### EXERCISE:
Below are the entries. Print only the lines starting at the one with "Можно подать вареники, просто" and ending at the one with "国产简易PLC 兼容三菱FX3U 延时模块 6MT 4进2出 晶体管版本", exactly, with no pictures.

——

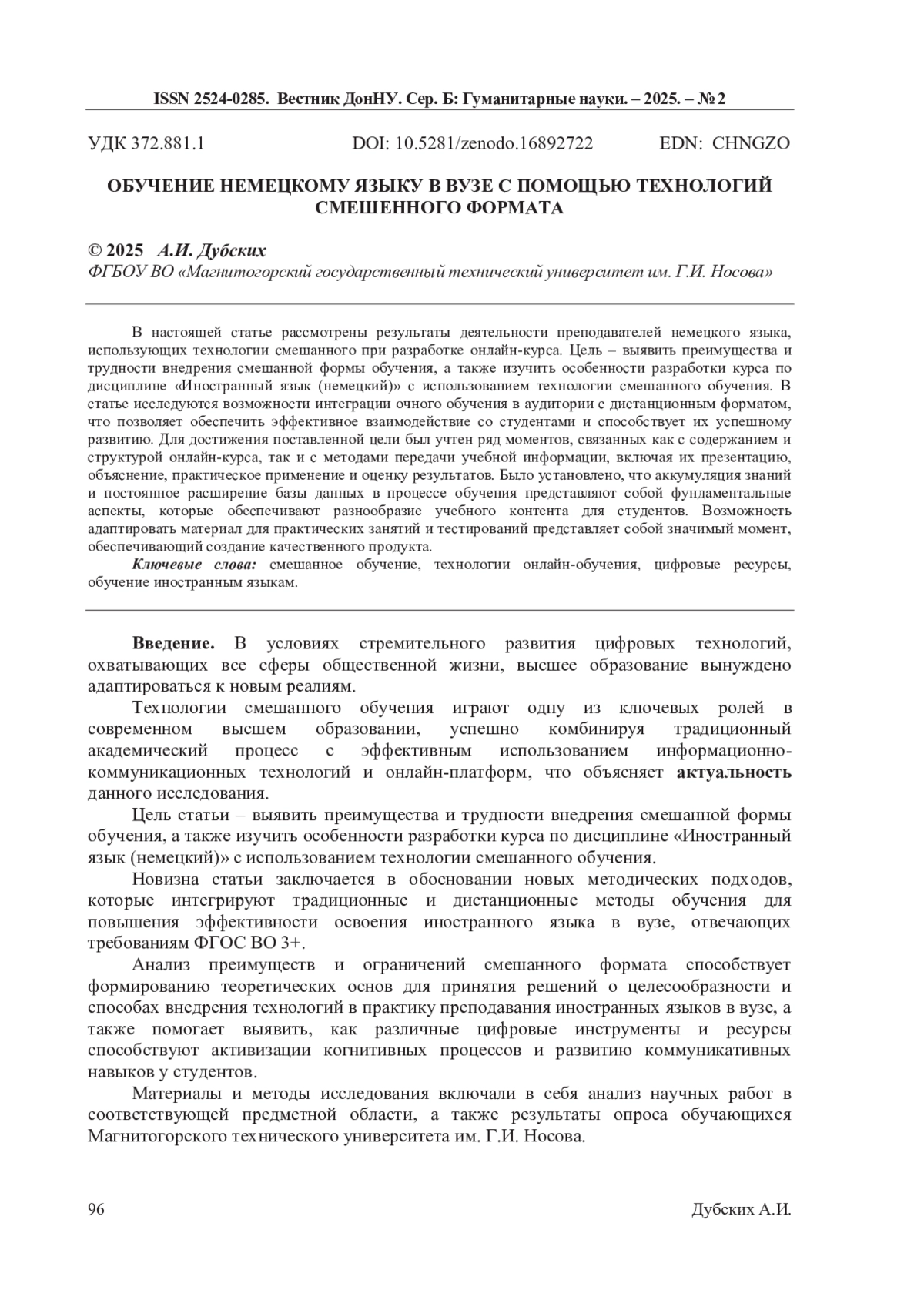 Цель - выявить преимущества и трудности внедрения смешанной формы обучения, а также изучить особенности разработки курса по дисциплине «Иностранный язык (немецкий)» с использованием технологии смешанного обучения. В статье исследуются возможности интеграции очного обучения в аудитории с дистанционным форматом, что позволяет обеспечить эффективное взаимодействие со студентами и способствует их успешному развитию. Для достижения поставленной цели был учтен ряд моментов, связанных как с содержанием и структурой онлайн-курса, так и с методами передачи учебной информации, включая их презентацию, объяснение, практическое применение и оценку результатов. Было установлено, что аккумуляция знаний и постоянное расширение базы данных в процессе обучения представляют собой фундаментальные аспекты, которые обеспечивают разнообразие учебного контента для студентов. Возможность адаптировать материал для практических занятий и тестирований представляет собой значимый момент, обеспечивающий создание качественного продукта.
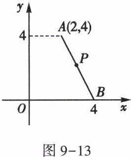 3. 如图 9-13,在平面直角坐标系中,点 $ A $,$ B $ 的坐标分别为 $ A(2,4) $,$ B(4,0) $,且 $ P $ 为 $ AB $ 的中点。若将线段 $ AB $ 向右平移 $ 3 $ 个单位长度后,与点 $ P $ 对应的点为 $ Q $,则点 $ Q $ 的坐标是()
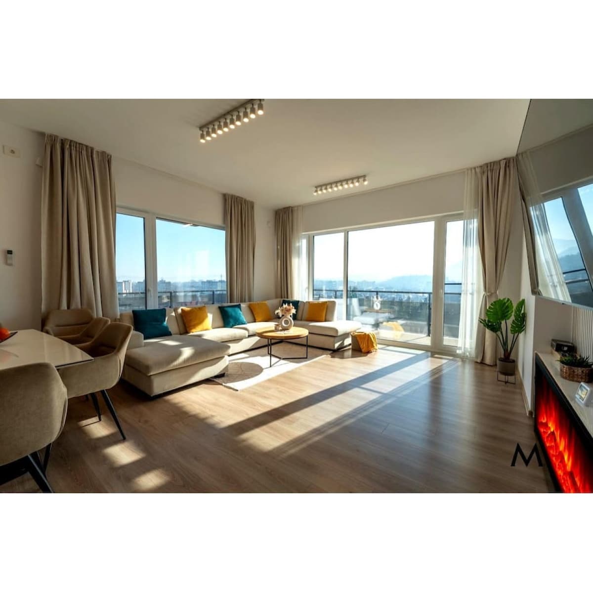 Espaço elegante com uma sensação aconchegante única. Desfrute de vistas incríveis sobre o horizonte da cidade e as melhores paisagens naturais de Brasov. Envolvido pela natureza, mas centralmente localizado e bem conectado. Explore as trilhas circundantes e a reserva de Tampa, enquanto está a poucos passos do centro histórico de Brasov. Depois de um dia inteiro, relaxe junto à lareira interna ou aproveite o ar fresco no belo terraço enquanto experimenta um nível incomparável de privacidade e tranquilidade.
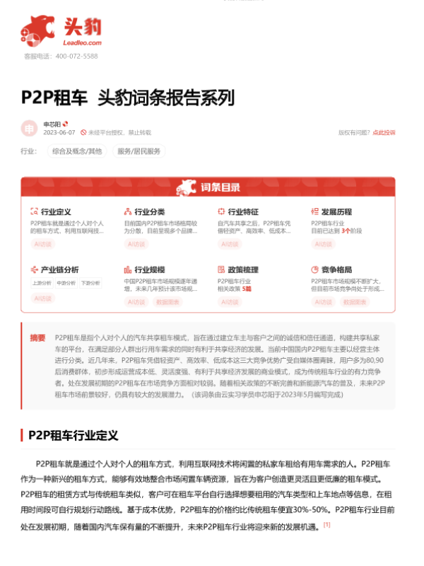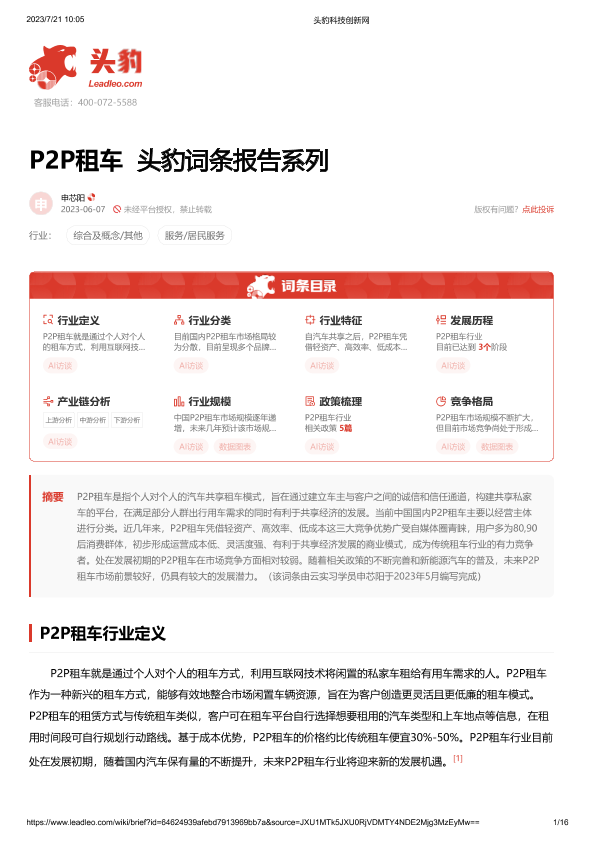 【头豹研究院】【20230607】P2P租车 头豹词条报告系列-16页
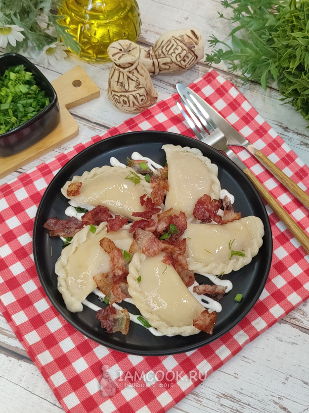 Можно подать вареники, просто добавив к ним кусочек сливочного масла, например. Я на дно тарелки выкладываю немного сметаны, потом горячие вареники, присыпаю их поджаренным беконом и свежей зеленью. Вкусно... Сил нет😆. Приятного аппетита🤗!!
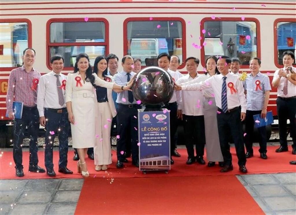 | Cérémonie pour annoncer la reconnaissance de la gare de Hai Phong comme destination touristique et inaugurer un train haut de gamme baptisé Hoa Phuong Do, le 10 mai. |
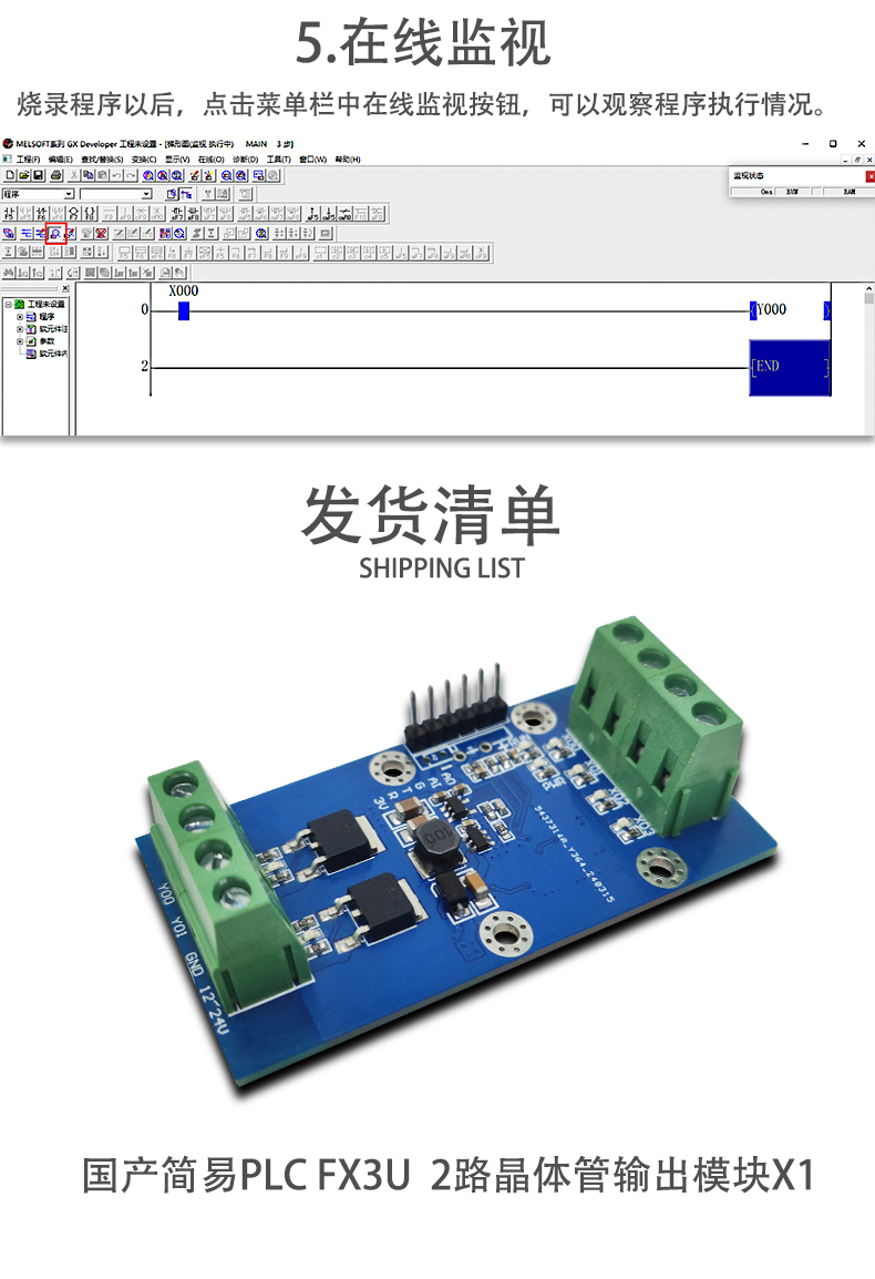 国产简易PLC 兼容三菱FX3U 延时模块 6MT 4进2出 晶体管版本
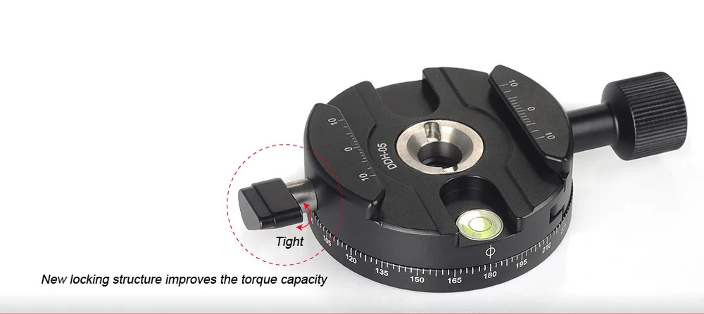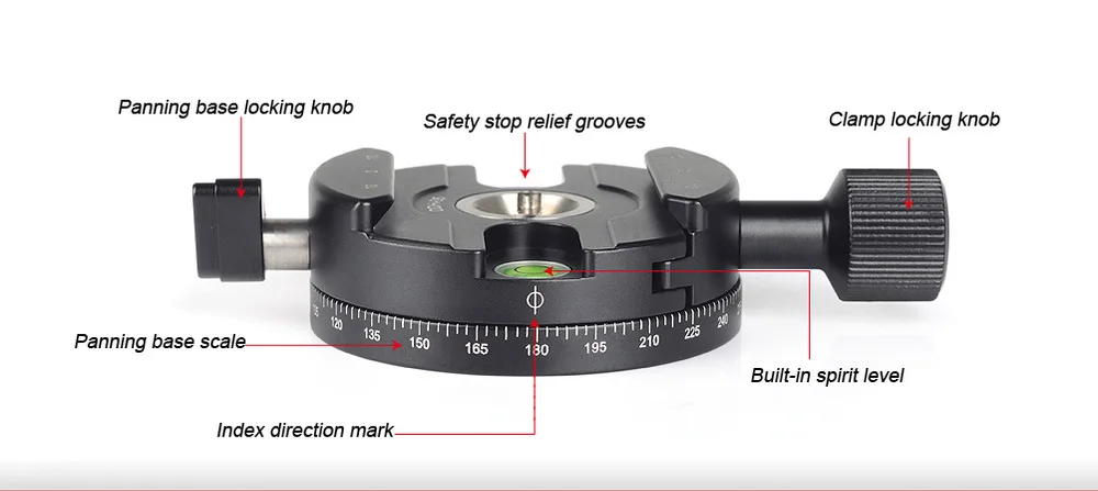 Весы с гравировкой лазером, указатели указателей могут точно измерять любые отклонения угла во время каждой съемки в горизонтальном вращении, выровненная шкала быстроразъемной пластины может точно контролировать узловую точку во время панорамной фотографии в различных фокусных расстояниях. Поэтому панорамная фотография может быть более точной и высокой эффективностью.

——

### COMPLETED EXERCISE:
 Можно подать вареники, просто добавив к ним кусочек сливочного масла, например. Я на дно тарелки выкладываю немного сметаны, потом горячие вареники, присыпаю их поджаренным беконом и свежей зеленью. Вкусно... Сил нет😆. Приятного аппетита🤗!!
 | Cérémonie pour annoncer la reconnaissance de la gare de Hai Phong comme destination touristique et inaugurer un train haut de gamme baptisé Hoa Phuong Do, le 10 mai. |
 国产简易PLC 兼容三菱FX3U 延时模块 6MT 4进2出 晶体管版本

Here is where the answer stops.